Task requirements.
Wherever pictures appear in the listing below, leave them out, and copy exactly, and only, everything from the line with "本書裡提供了另一種想像──「" down to the line with "ДЮСШ, пос. Демьяновка".

Input data.
------------

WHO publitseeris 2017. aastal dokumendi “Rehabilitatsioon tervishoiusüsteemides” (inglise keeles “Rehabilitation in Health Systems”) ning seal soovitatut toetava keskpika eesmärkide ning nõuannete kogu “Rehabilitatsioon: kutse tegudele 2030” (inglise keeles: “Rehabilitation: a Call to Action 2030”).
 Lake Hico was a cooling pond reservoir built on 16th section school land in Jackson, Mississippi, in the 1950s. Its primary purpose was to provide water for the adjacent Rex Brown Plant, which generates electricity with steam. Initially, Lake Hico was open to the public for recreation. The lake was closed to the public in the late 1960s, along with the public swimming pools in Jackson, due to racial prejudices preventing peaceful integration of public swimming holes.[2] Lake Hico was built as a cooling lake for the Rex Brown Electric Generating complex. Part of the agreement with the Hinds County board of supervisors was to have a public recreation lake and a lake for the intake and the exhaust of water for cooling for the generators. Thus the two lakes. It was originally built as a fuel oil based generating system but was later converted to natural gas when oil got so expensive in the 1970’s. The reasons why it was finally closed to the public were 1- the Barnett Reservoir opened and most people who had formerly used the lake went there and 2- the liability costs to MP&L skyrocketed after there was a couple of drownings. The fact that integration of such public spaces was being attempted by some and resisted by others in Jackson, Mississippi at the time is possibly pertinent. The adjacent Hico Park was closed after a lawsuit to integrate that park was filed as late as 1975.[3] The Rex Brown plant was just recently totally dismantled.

------------

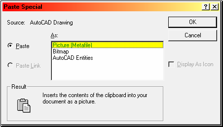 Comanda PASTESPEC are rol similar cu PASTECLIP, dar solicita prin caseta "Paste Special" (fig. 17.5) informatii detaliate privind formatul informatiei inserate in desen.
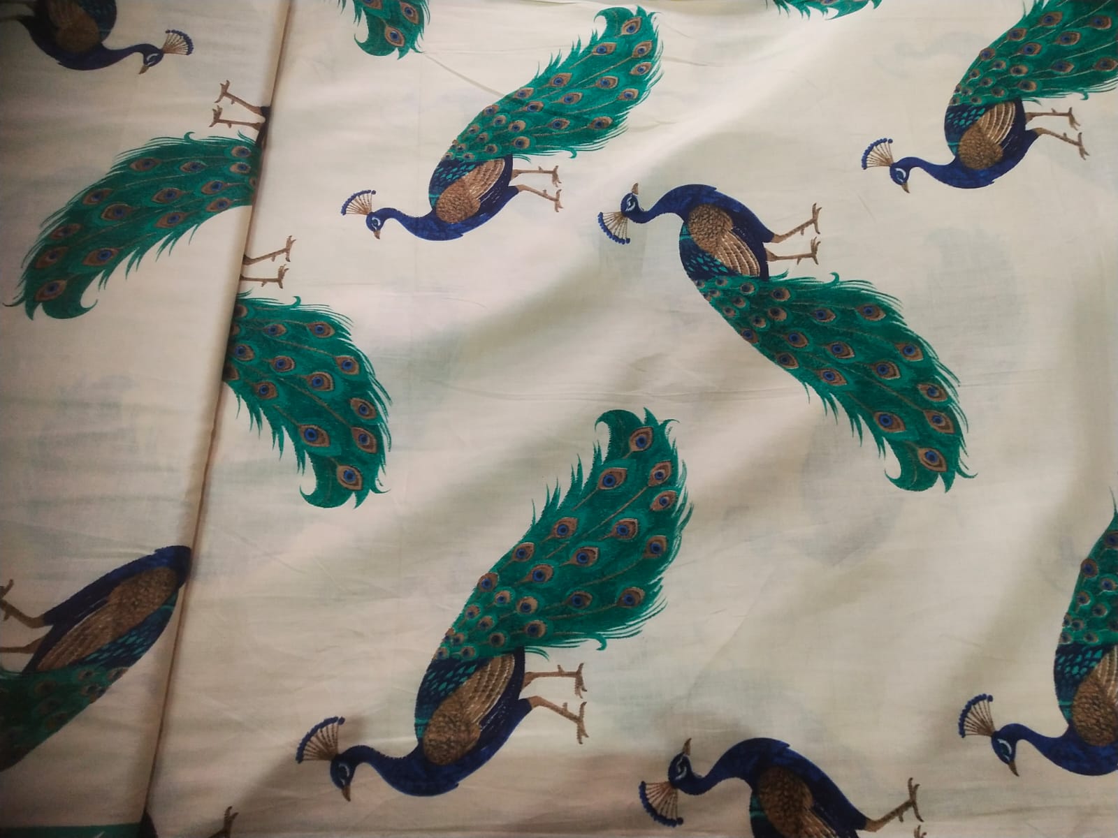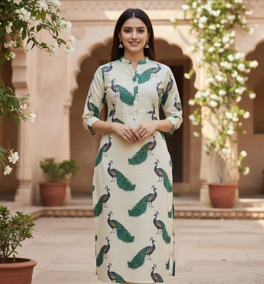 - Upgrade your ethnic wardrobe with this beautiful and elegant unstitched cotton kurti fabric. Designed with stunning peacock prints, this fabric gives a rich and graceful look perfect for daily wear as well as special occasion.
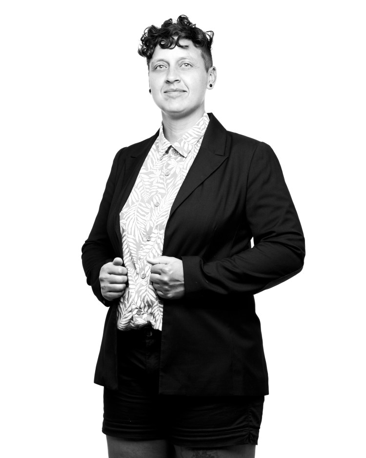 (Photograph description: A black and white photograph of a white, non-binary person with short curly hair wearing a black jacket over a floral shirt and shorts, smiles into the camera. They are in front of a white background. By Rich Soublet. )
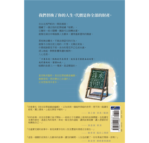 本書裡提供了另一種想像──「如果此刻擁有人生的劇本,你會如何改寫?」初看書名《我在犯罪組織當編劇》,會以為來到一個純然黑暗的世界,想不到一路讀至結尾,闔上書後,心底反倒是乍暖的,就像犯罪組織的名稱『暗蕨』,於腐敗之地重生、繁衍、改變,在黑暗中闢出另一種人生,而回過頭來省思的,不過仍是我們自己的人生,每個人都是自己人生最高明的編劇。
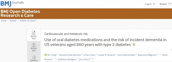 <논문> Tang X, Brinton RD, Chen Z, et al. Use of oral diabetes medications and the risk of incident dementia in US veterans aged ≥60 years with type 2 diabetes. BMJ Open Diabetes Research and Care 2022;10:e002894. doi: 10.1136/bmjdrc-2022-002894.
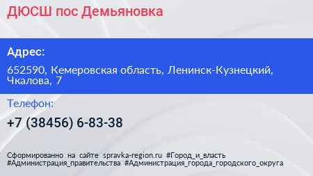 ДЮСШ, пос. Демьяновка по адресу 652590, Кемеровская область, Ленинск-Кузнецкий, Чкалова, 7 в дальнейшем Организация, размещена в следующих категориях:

------------

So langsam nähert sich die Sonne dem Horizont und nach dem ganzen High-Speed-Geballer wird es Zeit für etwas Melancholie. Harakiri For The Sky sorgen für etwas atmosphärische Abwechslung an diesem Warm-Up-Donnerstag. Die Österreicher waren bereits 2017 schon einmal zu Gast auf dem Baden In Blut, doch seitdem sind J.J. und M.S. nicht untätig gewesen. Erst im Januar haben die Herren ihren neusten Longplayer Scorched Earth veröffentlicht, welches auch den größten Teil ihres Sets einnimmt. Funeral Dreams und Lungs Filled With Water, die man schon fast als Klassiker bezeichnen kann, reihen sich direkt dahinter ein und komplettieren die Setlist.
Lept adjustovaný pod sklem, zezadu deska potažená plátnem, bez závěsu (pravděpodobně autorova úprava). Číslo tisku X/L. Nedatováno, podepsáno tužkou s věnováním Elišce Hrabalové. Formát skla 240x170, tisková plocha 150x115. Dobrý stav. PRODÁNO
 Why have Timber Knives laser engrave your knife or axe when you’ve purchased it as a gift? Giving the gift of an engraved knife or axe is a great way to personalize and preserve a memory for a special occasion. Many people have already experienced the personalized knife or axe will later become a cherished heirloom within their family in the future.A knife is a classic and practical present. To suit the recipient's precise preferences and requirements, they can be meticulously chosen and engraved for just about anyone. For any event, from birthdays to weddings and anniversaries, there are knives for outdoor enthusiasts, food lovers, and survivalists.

------------

Answer space.
 本書裡提供了另一種想像──「如果此刻擁有人生的劇本,你會如何改寫?」初看書名《我在犯罪組織當編劇》,會以為來到一個純然黑暗的世界,想不到一路讀至結尾,闔上書後,心底反倒是乍暖的,就像犯罪組織的名稱『暗蕨』,於腐敗之地重生、繁衍、改變,在黑暗中闢出另一種人生,而回過頭來省思的,不過仍是我們自己的人生,每個人都是自己人生最高明的編劇。
 <논문> Tang X, Brinton RD, Chen Z, et al. Use of oral diabetes medications and the risk of incident dementia in US veterans aged ≥60 years with type 2 diabetes. BMJ Open Diabetes Research and Care 2022;10:e002894. doi: 10.1136/bmjdrc-2022-002894.
 ДЮСШ, пос. Демьяновка по адресу 652590, Кемеровская область, Ленинск-Кузнецкий, Чкалова, 7 в дальнейшем Организация, размещена в следующих категориях:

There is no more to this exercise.